The [Ca2+]i was recorded from single islets using a dual-excitation microfluorescence system as described in detail (Silva et al. 1994; Salgado et al. 1996). Briefly, fura-2 was excited at 340 and 380 nm via two monochromators and the fluorescence was detected by a photomultiplier after passing through a band-pass interference filter (40 nm band width) centred at 510 nm. The data were acquired at 10 Hz by computer.

Microamperometry

The release of pre-loaded 5-HT was monitored amperometrically using glass-encased carbon fibre microelectrodes, as described for single β-cells (Smith et al. 1995; Zhou & Misler, 1996) and islets (Barbosa et al. 1996b). The microelectrodes were made essentially as described (Stamford, Palij, Davidson, Jorm & Phillips, 1995). Briefly, single carbon fibres (Courtaulds Ltd, UK) were inserted into borosilicate glass capillaries (1.16 mm i.d. × 2.0 mm o.d.; Clark Electromedical Instruments, UK). The capillaries were then pulled on a horizontal puller (P-77, Sutter Instrument Company, CA, USA), after which the protruding carbon fibres were cut to the required size (30-50 μm) and bevelled at 30 deg on a grinder (EG-4, Narishige, Japan). Electrical contact between the carbon fibre and the wire was provided by electrically conductive paint (RS, UK).

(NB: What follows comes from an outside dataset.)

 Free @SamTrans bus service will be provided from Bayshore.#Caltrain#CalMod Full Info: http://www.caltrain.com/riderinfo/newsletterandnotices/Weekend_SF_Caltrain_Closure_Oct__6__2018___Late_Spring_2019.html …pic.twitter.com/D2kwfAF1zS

The protruding carbon fibre was gently inserted into the islet tissue (diameter, ∼200-300 μm), such that the active surface of the microelectrode remained in the islet outermost region. The amperometric currents were measured using a nano-amperometer (Tacussel/Radiometer AMU 130, France), with the working electrode held at a potential of +0.55 V vs. Ag-AgCl. Amperometric current was low-pass filtered (cut-off frequency, 100 Hz), amplified × 10 and stored on digital tape via a DAT recorder. The data were transferred off-line at 1 kHz to a computer and subsequently refiltered via a fast Fourier transform (FFT) smoothing routine provided by commercially available software (Microcal Origin), in order to eliminate 50 Hz mains interference.

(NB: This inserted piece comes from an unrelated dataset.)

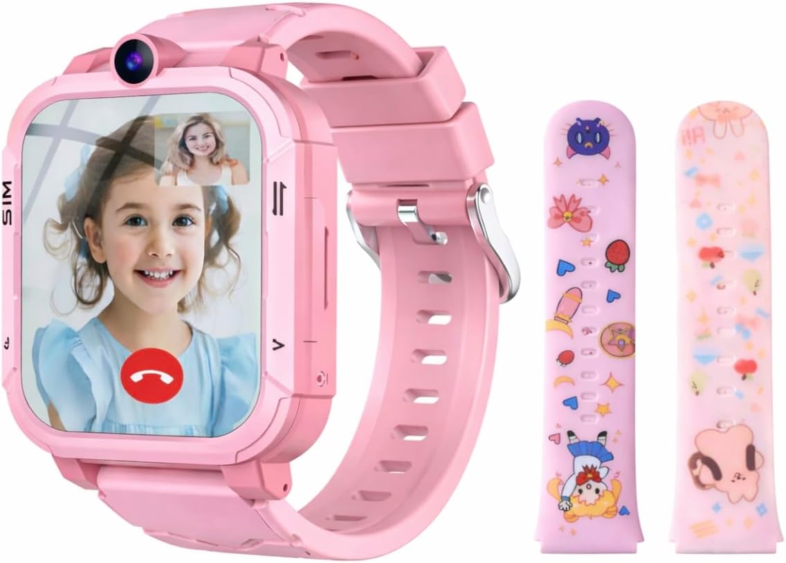 Kids Smart Watch with GPS Tracker, Two-Way Voice, SOS, and Video Calling-Ideal for Boys and Girls – Safety Tracking and AI Facial Recognition, 3 Watchbands, and Screen Protector (Pink)

The responsiveness of the recording electrodes was assessed by flow injection analysis prior to the experiments. Briefly, each electrode was subjected to repetitive 30 s pulses of 10 μM 5-HT at a frequency of approximately 1 pulse min−1. There was an appreciable (< 61 %) decay in peak current amplitude, which stabilized in less than 5 min so that subsequent 5-HT exposures did not cause signal loss. This decay originates from the adsorption of 5-HT and its oxidation products at the active surface of the electrode (Jackson, Dietz & Wightman, 1995). Electrode poisoning by 5-HT released in situ is likely to account, at least in part, for the pronounced decay in amperometric current that was observed immediately after inserting the microelectrode in the islet (adsorption of insulin (Barbosa, Rosário, Brett & Oliveira-Brett, 1996a) and other intra-islet substances may also contribute to this decay). Here electrode stabilization was essentially reached in less than 15 min. Thus current recordings were only initiated after 20-25 min had elapsed from the moment of insertion.

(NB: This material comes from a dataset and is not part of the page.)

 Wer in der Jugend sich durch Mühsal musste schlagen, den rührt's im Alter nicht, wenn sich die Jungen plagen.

We have attempted to record amperometric responses from control, 5-HT-free islets. No detectable signals could be obtained in response to 11-20 mM glucose or 30 mM KCl in the perifusion medium (3 experiments, not shown).

Integral charge was determined as the time integral of the amperometric current, after subtraction of the respective background area (delimited by a straight line linking the beginning and end of the integrated signal). Integration was carried out using commercially available software (Microcal Origin).

Intracellular recording of membrane potential

The membrane potential was recorded from microdissected mouse islets using a high-impedance amplifier and high-resistance (150-200 MΩ) glass microelectrodes, essentially as previously reported (Rosário, Barbosa, Antunes, Silva, Abrunhosa & Santos, 1993). Briefly, microdissected islets were pinned to the plastic bottom of a fast perifusion chamber through which salt solution (composition as above) flowed at a rate of ca 2 ml min−1 at 37°C.

Materials

Fura-2 AM was from Molecular Probes. Antibiotics and RPMI 1640 were from Biological Industries (Beth Haemeck, Israel). 5-Hydroxytryptamine hydrochloride and all other chemicals were from Sigma.

RESULTS

We recorded [Ca2+]i from single 5-HT-loaded mouse islets using the fluorescent Ca2+ indicator fura-2 (Silva et al. 1994). The typical effect of raising glucose concentration from 3 to 11 mM on this signal was triphasic: there was (1) an initial [Ca2+]i depression arising from the stimulation of Ca2+ buffering mechanisms (Gylfe, 1988); (2) a rapid increase; and (3) an oscillatory pattern superimposed on an elevated plateau (Fig. 1A, upper trace). The frequency of these oscillations averaged 3.4 ± 1.0 min−1 (mean ± s.d., n = 31 islets; range 1.3-5.6 min−1). We and others have previously demonstrated that the [Ca2+]i follows closely the dynamics of glucose-evoked electrical activity, the initial peak rise relating to a prolonged burst of calcium action potentials and the oscillations to a pattern of membrane potential waves, with spikes firing from the depolarized plateau phases (Santos et al. 1991; Worley, McIntyre, Spencer, Mertz, Roe & Dukes, 1994). Thus each high-frequency [Ca2+]i oscillation was primarily the result of fast Ca2+ influx, mediated by the activation of voltage-sensitive Ca2+ channels.

Figure 1. Simultaneous recording of [Ca2+]i and 5-HT/insulin release from single pancreatic islets.

Figure 1

A, upper trace: microfluorometric recording of [Ca2+]i from a single fura-2/5-HT-loaded islet, as given by the ratio of fura-2 fluorescence at 340 and 380 nm (F340/F380). The gap represents a period where the [Ca2+]i was not recorded. Lower trace: continuous recording of amperometric current from the same islet through a carbon fibre microelectrode. Glucose concentration was stepped from 3 to 11 mM as indicated. Inset: effect of applying a step pulse (bar) of a 5-HT-containing solution on the amperometric current recorded in situ. B, expanded representation of steady-state [Ca2+]i and amperometric current in 11 mM glucose (from the experiment depicted in A, portion depicted by bars).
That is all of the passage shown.